The Russian method of weighing assets by risk has its own peculiarities associated with the specifics of the development of the banking sector. Since the beginning of the 90s, preferential ratios have been applied, for example, only overdue bank loans were classified as 100% risk, other categories of loans received 30-70% risk. Then the conditions were tightened, and since 1996 all loans were assessed at 100% risk in accordance with international rules. Changes in the debt markets for domestic and foreign currency loans were also taken into account: their quality decreased and they were transferred from zero to 10% risk category.

It should be noted the following (including stricter) differences between the Russian methodology in terms of risk weights for individual assets:

  • · In international approaches, the assessment is carried out on a scale: 0, 10 and 20, 50 and 100%;
  • · There are differences in the assessment of the risk of the Russian counterparty bank. Thus, essentially homogeneous transactions are accounted for with different levels of risk: balances on correspondent accounts - nostro and deposits - 70%, interbank loans - 100%;
  • · Understatement of the risk on operations related to the regional aspect. This applies to loans to the constituent entities of the Russian Federation and local governments, against their guarantee, against the security of their debt obligations, the risk for which is set at 20%. At the same time, some regions continue to have unfulfilled obligations on their domestic debt, some regions do not have a credit rating;
  • · According to domestic rules, a twofold decrease in the risk ratio for mortgage loans is not provided (due to the lack of a developed market and effective legal mechanisms);
  • · The ratings of borrowers, which already exist, are not taken into account.

Since 1998, the amount of banks' risky assets has been supplemented by two components: the amount of credit risk for instruments reflected in off-balance sheet accounts, and the amount of credit risk for forward transactions. Since April 2000 in accordance with international standards market risk is taken into account when calculating the equity capital adequacy ratio.

The minimum permissible value of the banks' equity (capital) ratio changed following the changes in the conditions of the banks. Until 1996, the standard was 4%. Then it was increased to 5% and further, increasing annually, reached 8% by February 1999, and from January 2000 it was set for credit institutions with capital equivalent to 5 million EURO and more, at a rate of 10%, and with capital less than 5 million EURO - 11%.

The strategy for the development of the banking sector of the Russian Federation for the period up to 2008 provides for amendments to the legislation of the Russian Federation. The capital adequacy requirement, failure to comply with which is considered as a basis for the mandatory revocation of a license to carry out banking operations, will be set at 10%. This requirement will apply to all credit institutions regardless of their type (banks, non-bank credit institutions) and the amount of their own funds (capital) from 2007. At the same time, all banks will have to have their own funds (capital) in the amount of at least the ruble equivalent of 5 million EURO "Statement of the Government of the Russian Federation and the Central Bank of the Russian Federation (Bank of Russia) dated 30.12.2001" On the development strategy of the banking sector of the Russian Federation "/ / Bulletin of the Bank of Russia - No. 5. - 2002..

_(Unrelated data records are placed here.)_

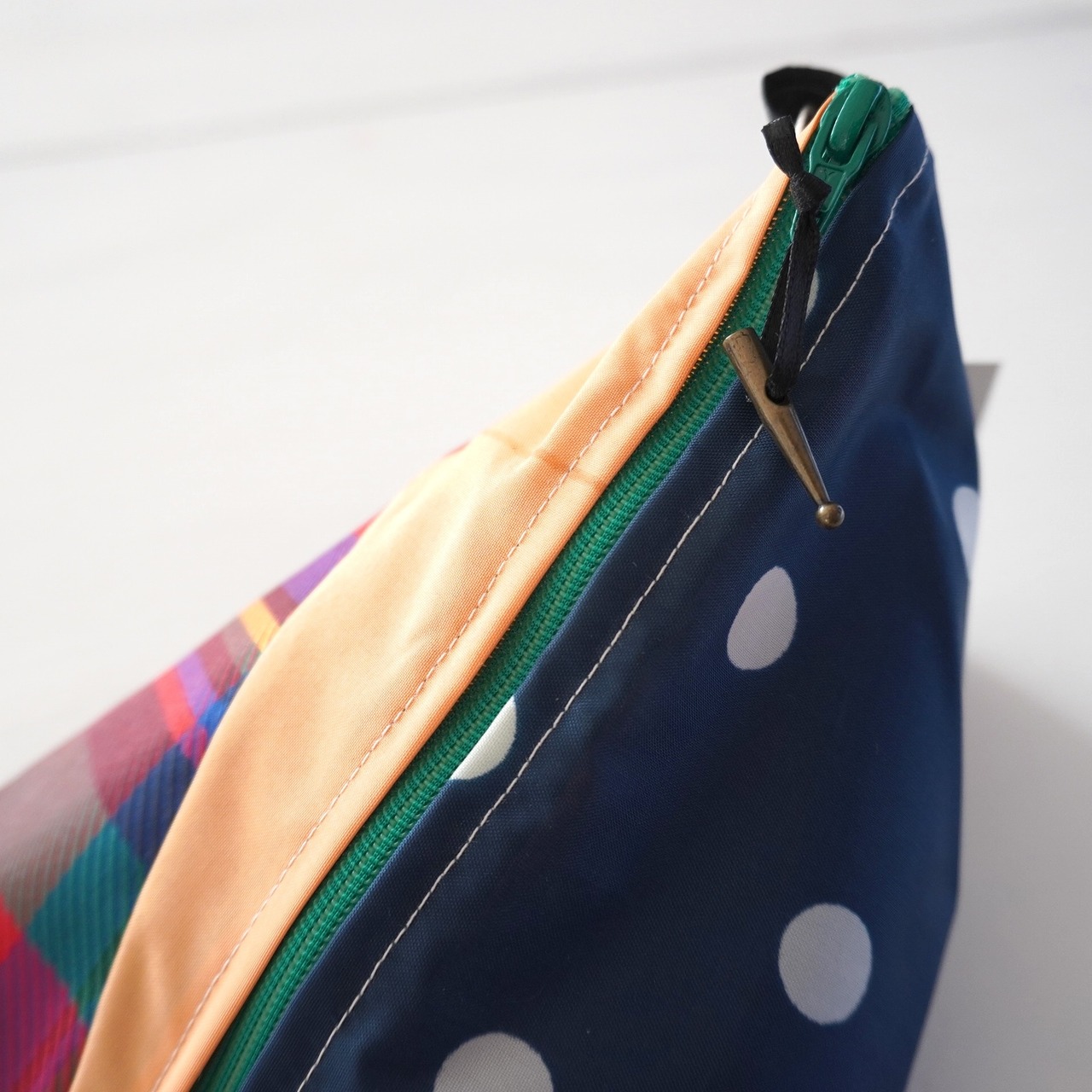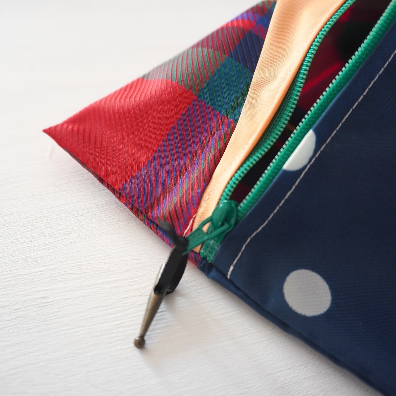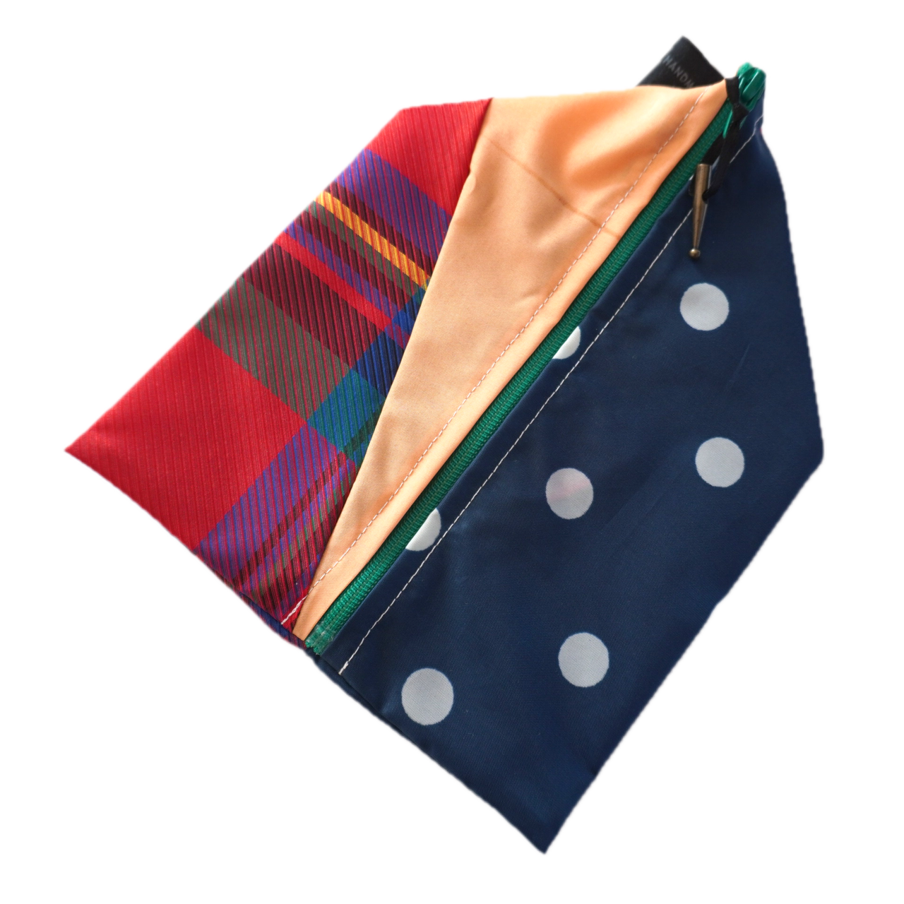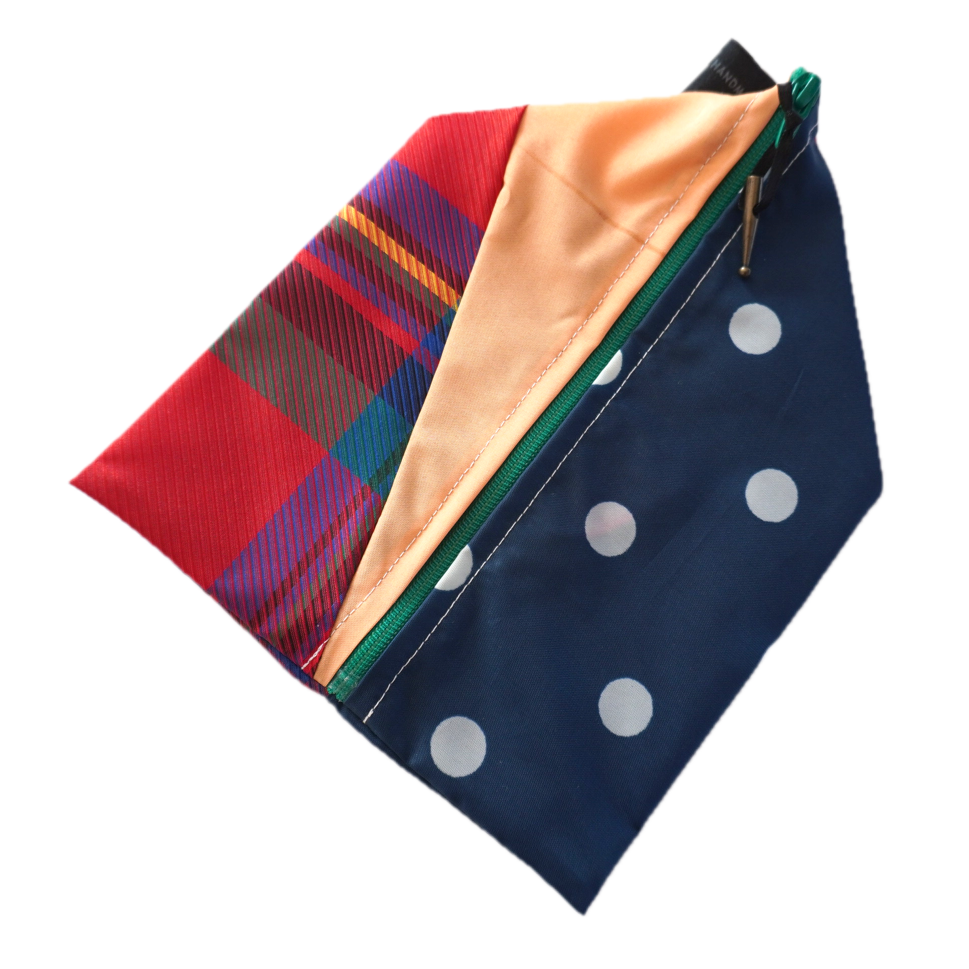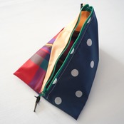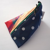 不用になった傘の布をつなぎ合わせたテトラ型のポーチです。
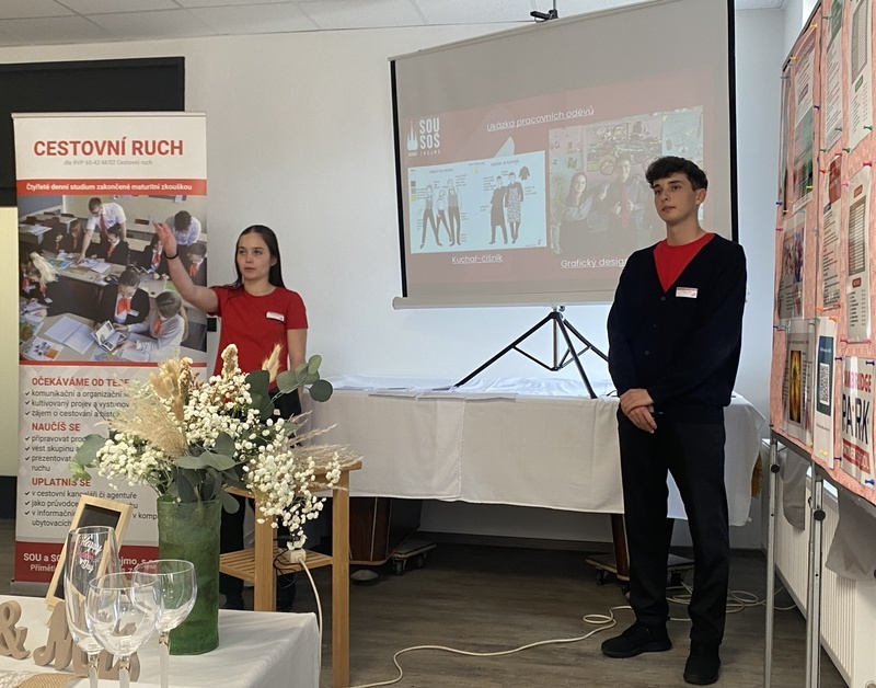Žáci oboru Cestovní ruch, Tomáš Perdoch a Kristýna Nevěčná, žáky přivítali a společně s ostatními spolužáky reprezentujícími ostatní obory představili možnosti studia. Následovaly praktické ukázky – od práce automechaniků a truhlářů přes líčení a baristickou show až po ochutnávky z kuchyně budoucích číšníků a kuchařů. Velký zájem byl i o obory Hotelový management, Grafický design a podnikání, Prodavač, Kosmetické služby a Sociální činnost.
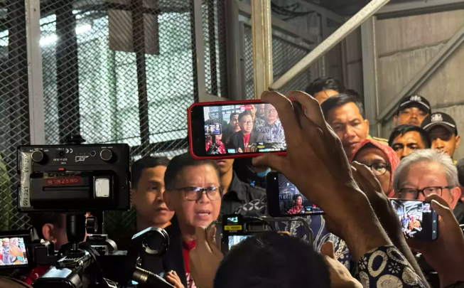 Sekjen Hasto keluar dari rutan dengan mengenakan jaket hitam dan kaos merah, disambut oleh kerabat serta kuasa hukumnya, termasuk Maqdir Ismail dan Febri Diansyah.
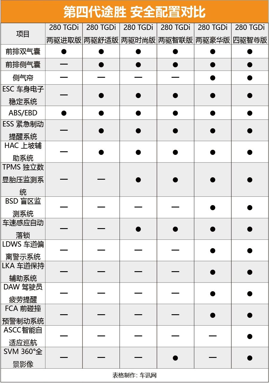 推荐理由:两驱豪华版与时尚/智联版售价一致,主要是安全配置增添LDWS车道偏离警示系统、LKA 车道保持辅助系统、DAW 驾驶员疲劳提醒、FCA 前碰撞预警制动系统等;而两驱智联版车型则有投射式前大灯、blue link、第二代智能网联系统等,且在舒适性配置上更加完备,因此更推荐该车型。
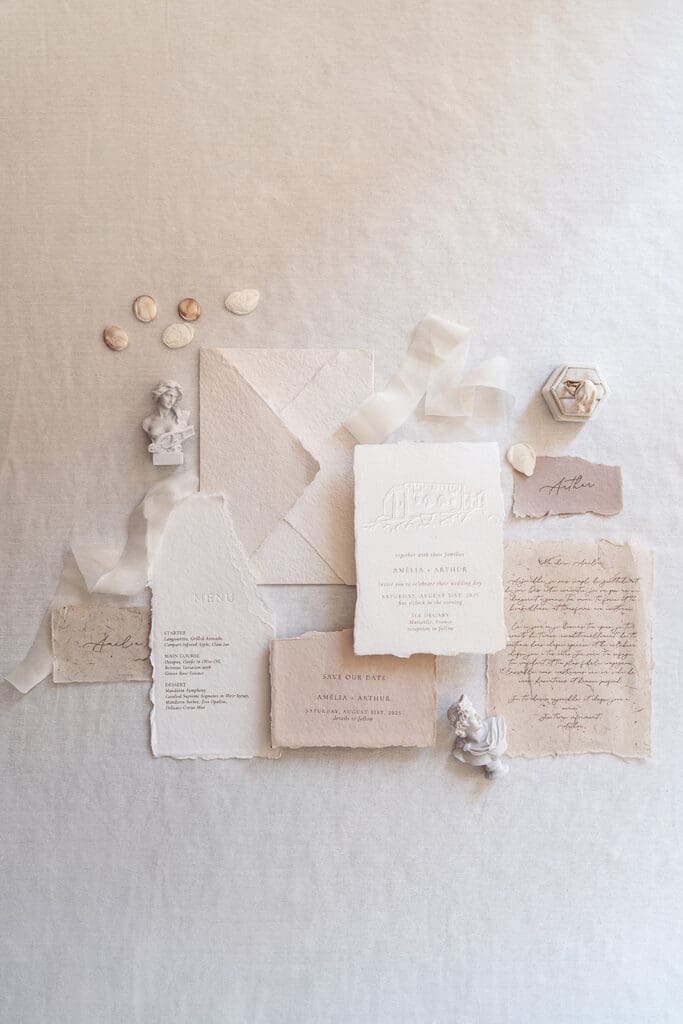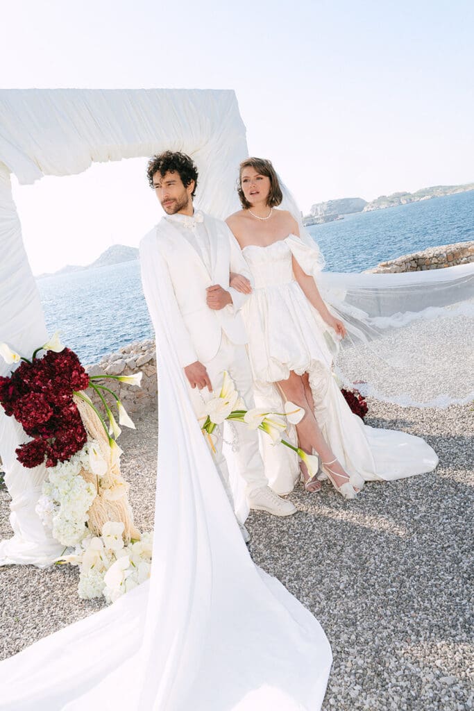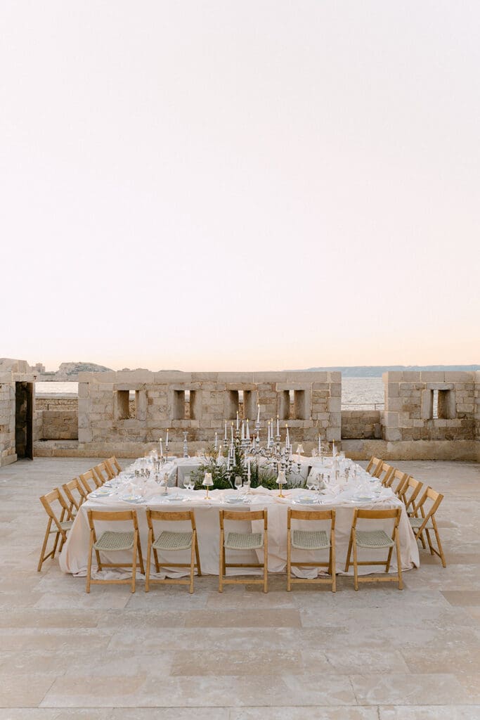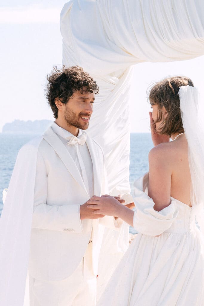 À quelques minutes de Marseille, en plein cœur des calanques, se cache un lieu singulier et préservé : l’Île de Gaby. Accessible uniquement par bateau, cette île confidentielle offre un cadre unique, minéral et sauvage, où la roche blanche se jette dans les eaux turquoise. C’est dans cet écrin naturel, à l’abri du monde, qu’un couple a choisi de célébrer son mariage, dans l’intimité la plus précieuse.
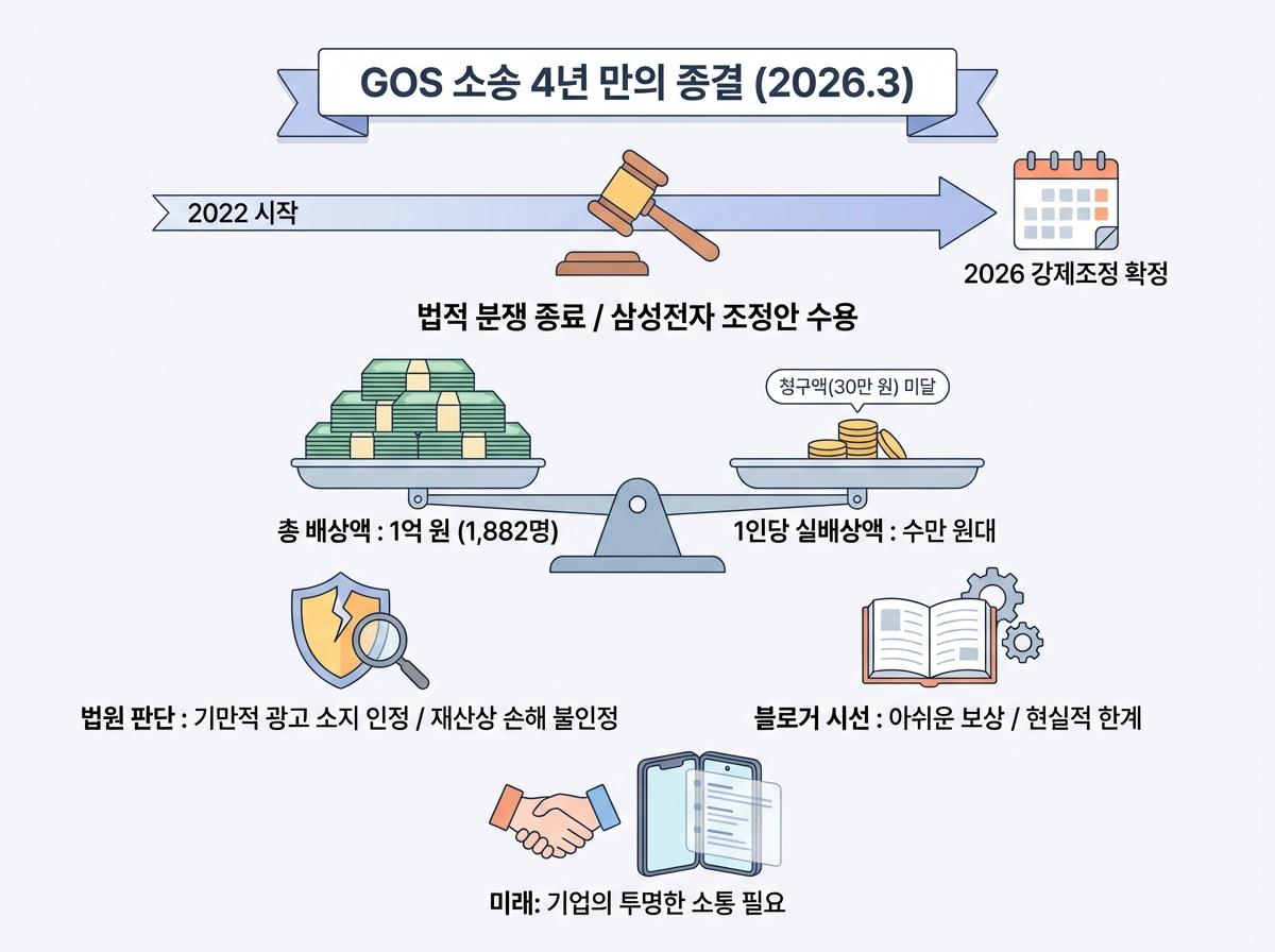 2022년에 촉발된 갤럭시 S22 GOS 성능 제한 집단 소송은 2026년 3월 법원의 강제 조정 수용으로 마침내 마무리되었어요.
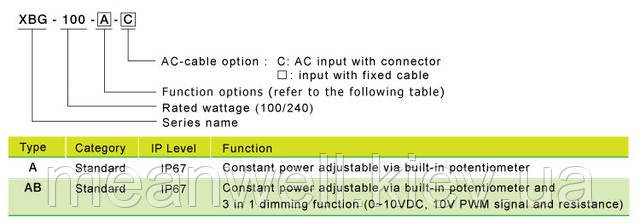 Серія XBG - це світлодіодний драйвер нового покоління з запатентованим механізмом круглого корпусу, призначеним для освітлення і прожекторів. Основними відмінностями порівняно з останнім поколінням серії HBG є конструкція схеми з постійною вихідною потужністю і відповідність останнім правилами безпеки - ізоляція між вихідною і затемняющей лініями, але залишення монтажних отворів в одному місці для простої заміни. Крім того, загальний дизайн також відповідає вимогам SELV (Безпечне наднизька напруга), що може знизити складність конструкції світлоізоляції і гарантувати безпеку користувача.
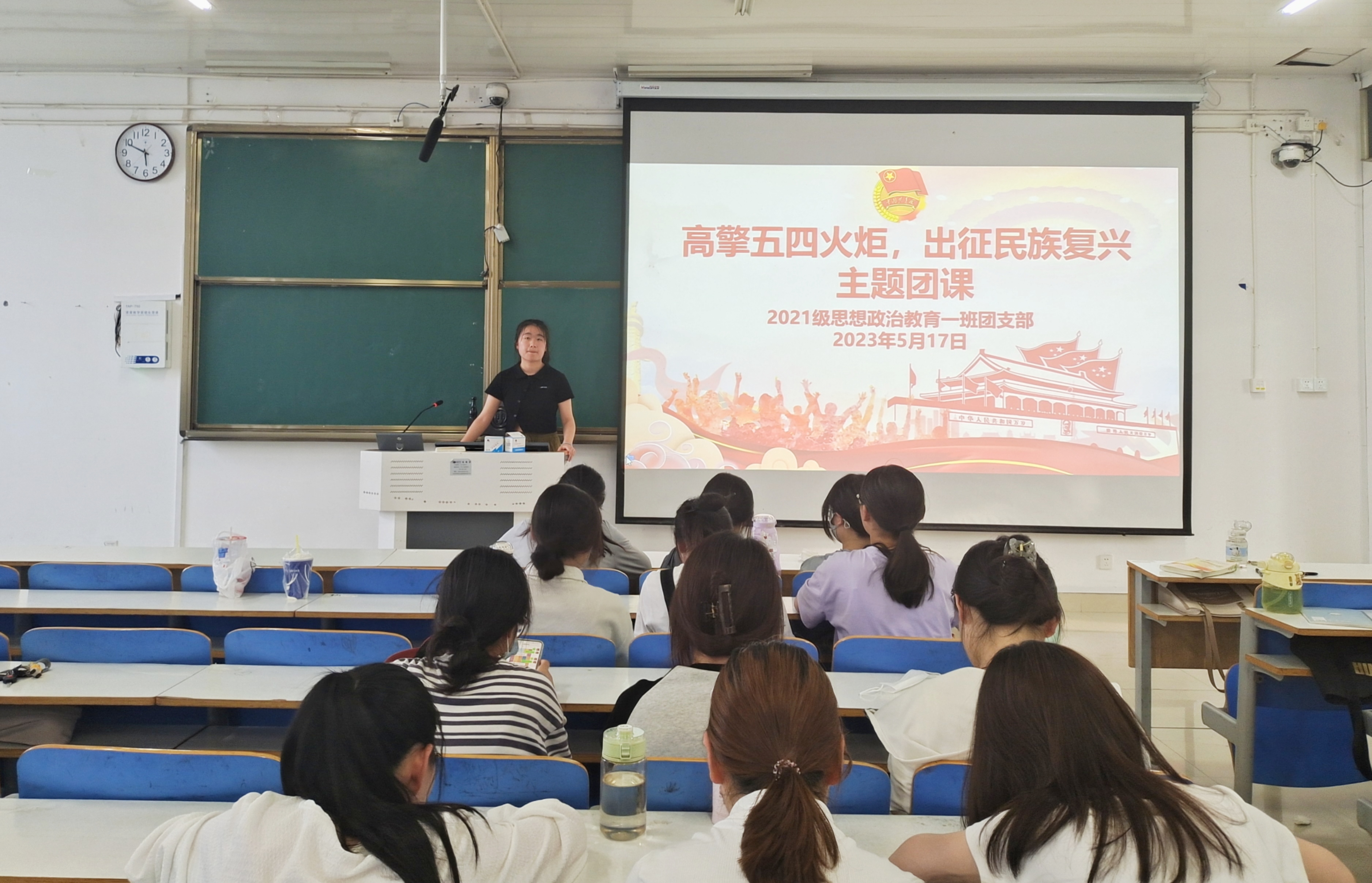 5月17日下午,德赢AC米兰官网2021级思想政治教育一班在社科楼514教室召开“高擎五四火炬,出征民族复兴”主题团课。2021级思想政治教育一班全体团员共同参加了本次团课。团课由副班长雷敏主持。
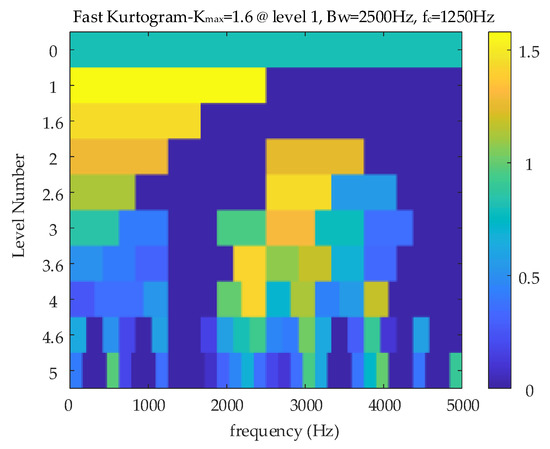 In order to illustrate the validation and advantages of the Autogram, the signal is also analyzed by FK. Colormap presentation obtained based on FK is illustrated in Figure 19.
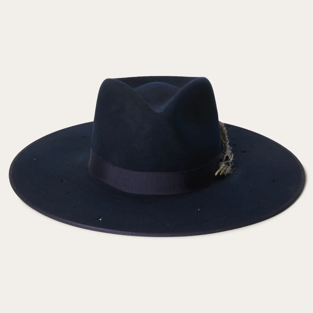 This unique hat features distinctive star cutouts on its wide, flat brim, along with both a feather and a custom Stetson Star Pin on the grosgrain hat band. This hat is crafted with firm felt, and a high-quality leather sweatband at the interior.
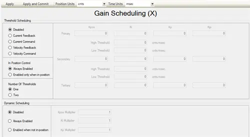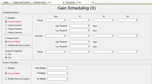 Aerotech 的閾值增益排程工具 (Threshold Gain Scheduling) 採用一種特殊演算法,透過依據使用者定義的特定閾值來調整伺服迴路增益,進而改善定位性能並縮短週期時間,當系統的運動狀態高於或低於設定的閾值時,增益便會自動調整,使用者最多可定義三組不同的增益等級。
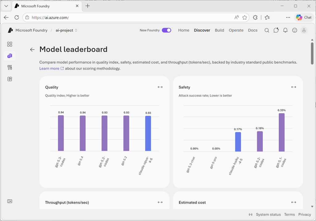 Met het leaderboard van het model kunt u de belangrijkste modellen voor specifieke metrische gegevens bekijken. U kunt sorteren op kwaliteit, veiligheid, geschatte kosten en doorvoer om modellen te identificeren die het beste aan uw vereisten voldoen.

The statistical parameter of capital in Russia has also changed many times. To date, the Bank of Russia has established the minimum size of the charter capital of a newly created bank in ruble equivalent, corresponding to 5 million EURO.

Thus, the Russian capital requirements for the most part comply with the principles of the Basel Agreement, but at the same time they are focused on the general market situation, the use of the Russian accounting system, and on adjusting requirements taking into account the conditions for the emergence of the Russian banking system.